Anders Tegnell, State epidemiologist in Sweden, said during a Swedish press conference March 16th that the decision was mainly based on a new kind of suspected side effect that was discovered, causing some sort of disturbance in the coagulation system, the system that makes sure that we do not bleed to much or too little, explained Tegnell during the press conference. He also stated that it was this condition, not the earlier reports on blood clots, that made them take this decision.
So far 15 cases out of 17 million vaccinated have been affected by this condition in Europe so it is a very rare side effect but it is very serious condition, stated Tegnell at the press conference.
The Swedish halt will remain until Thursday when EMA will report its new evaluation.
Finland is not planning on suspending use of the vaccine
Finland is not planning on suspending use of vaccine by AstraZeneca reports the Finnish Medicines Agency (Fimea). Liisa Näveri, the director of pharmacovigilance at Fimea, said Fimea and the Finnish Institute for Health and Welfare (THL) are in agreement that there is presently no reason for either limiting or suspending the use of the vaccine.
“The vaccine has been used the most in the UK. They have experience of safety monitoring over 10 million vaccinated people. British authorities have communicated that they haven’t detected any signs connected to blood clots,” said Maija Kaukonen, a chief physician at Fimea to Helsinki Times.

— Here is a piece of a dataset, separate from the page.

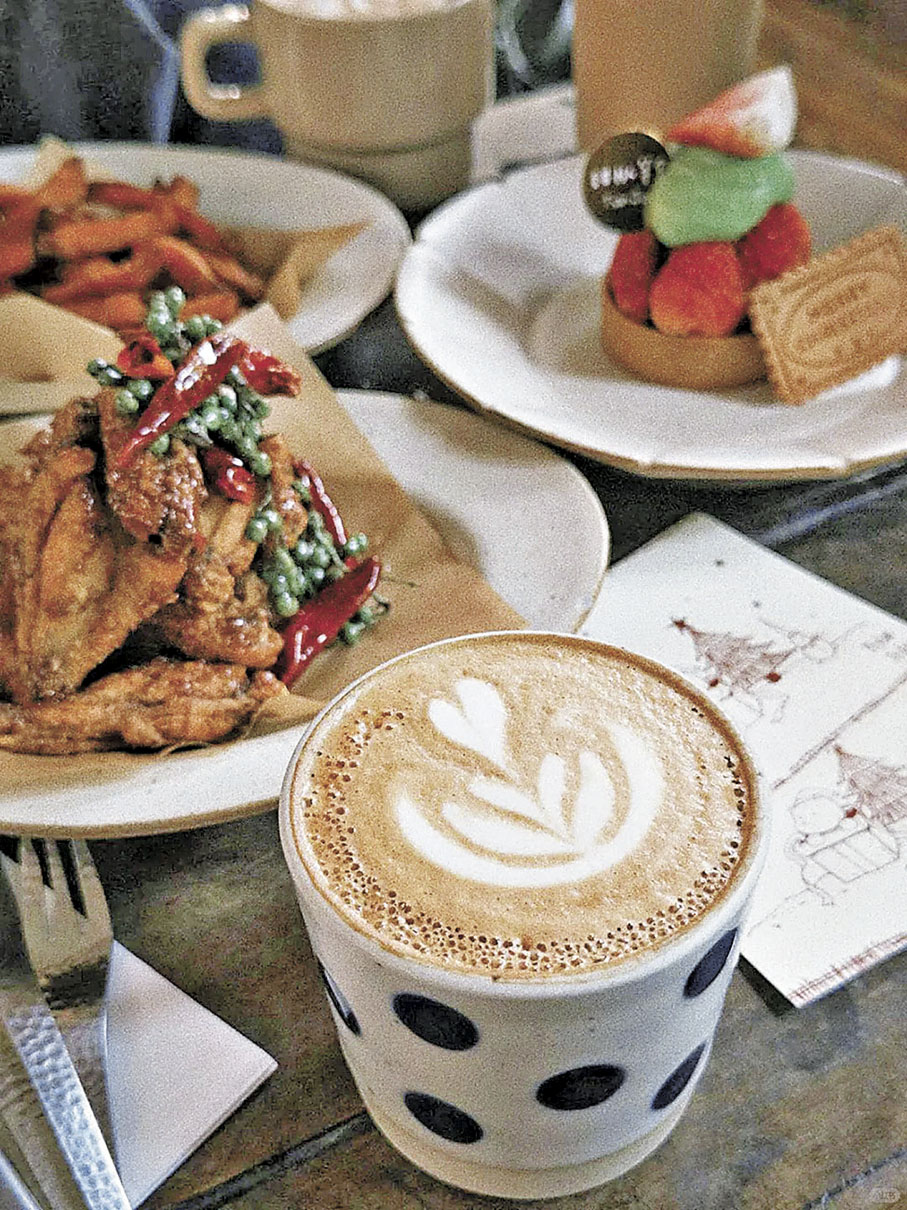 食物方面,相信絕對不會「中伏」,不少網上評論也指食物對得起價錢。大家除了可以點飽肚的吐司或早午餐,亦有其他小食。「花椒雞翅」(¥38)令人驚艷,酥脆外皮裹着淡淡花椒香,肉質鮮嫩爆汁,微麻越食越上頭,絕對是開胃小食;小編私心推介「豆腐芝士蛋糕」(¥38),豆乳清香撲鼻,同時甜度不高,適合不太嗜甜的港客。另一顏值高的「抹茶巧克力撻」(¥38)有超濃郁抹茶味,餡內有麻糬,造型也適合打卡。

AstraZeneca announces update on the safety of its vaccine
A review of all available safety data of more than 17 million people vaccinated in the European Union (EU) and UK with COVID-19 Vaccine AstraZeneca has shown no evidence of an increased risk of pulmonary embolism, deep vein thrombosis (DVT) or thrombocytopenia, in any defined age group, gender, batch or in any particular country, states the company in its press release.
“Around 17 million people in the EU and UK have now received our vaccine, and the number of cases of blood clots reported in this group is lower than the hundreds of cases that would be expected among the general population. The nature of the pandemic has led to increased attention in individual cases and we are going beyond the standard practices for safety monitoring of licensed medicines in reporting vaccine events, to ensure public safety,” says Ann Taylor, Chief Medical Officer, AstraZeneca.

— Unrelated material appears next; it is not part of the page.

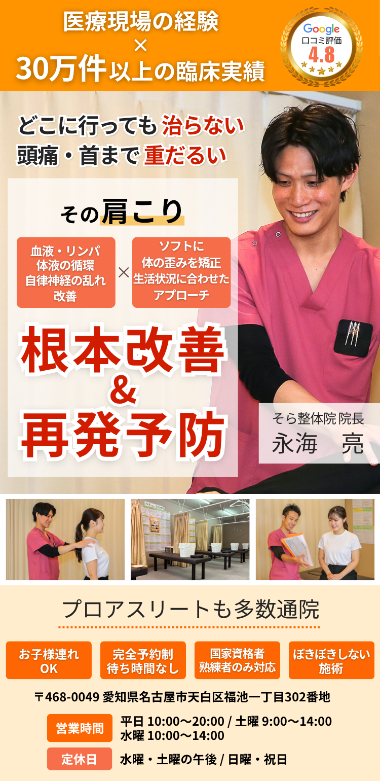 名古屋市天白区のそら整体院では、慢性的な肩こりの根本的な原因は「自律神経の乱れ」「内臓疲労による循環不良」「骨格の歪み」の3つにあると考えています。

So far across the EU and UK, there have been 15 events of DVT and 22 events of pulmonary embolism reported among those given the vaccine, based on the number of cases the company has received as of 8 March. This is much lower than would be expected to occur naturally in a general population of this size and is similar across other licensed COVID-19 vaccines, according to the company. Furthermore, in clinical trials, even though the number of thrombotic events was small, these were lower in the vaccinated group, continues the company. There has also been no evidence of increased bleeding in over 60,000 participants enrolled.
The benefits outweigh the risk of side effects, stated EMA
While its investigation is ongoing, EMA currently remains of the view that the benefits of the AstraZeneca vaccine in preventing COVID-19, with its associated risk of hospitalization and death, outweigh the risks of side effects. Both EMA and the World Health Organisation (WHO) have recommended countries to continue using the vaccine while the investigation is still ongoing.
EMA also states that anyone who has received the vaccine and has any concerns should contact an appropriate healthcare professional. It is important that people who suspect they may have a side effect after vaccination report this to the national medicines regulator, or to a healthcare professional who can help them do so.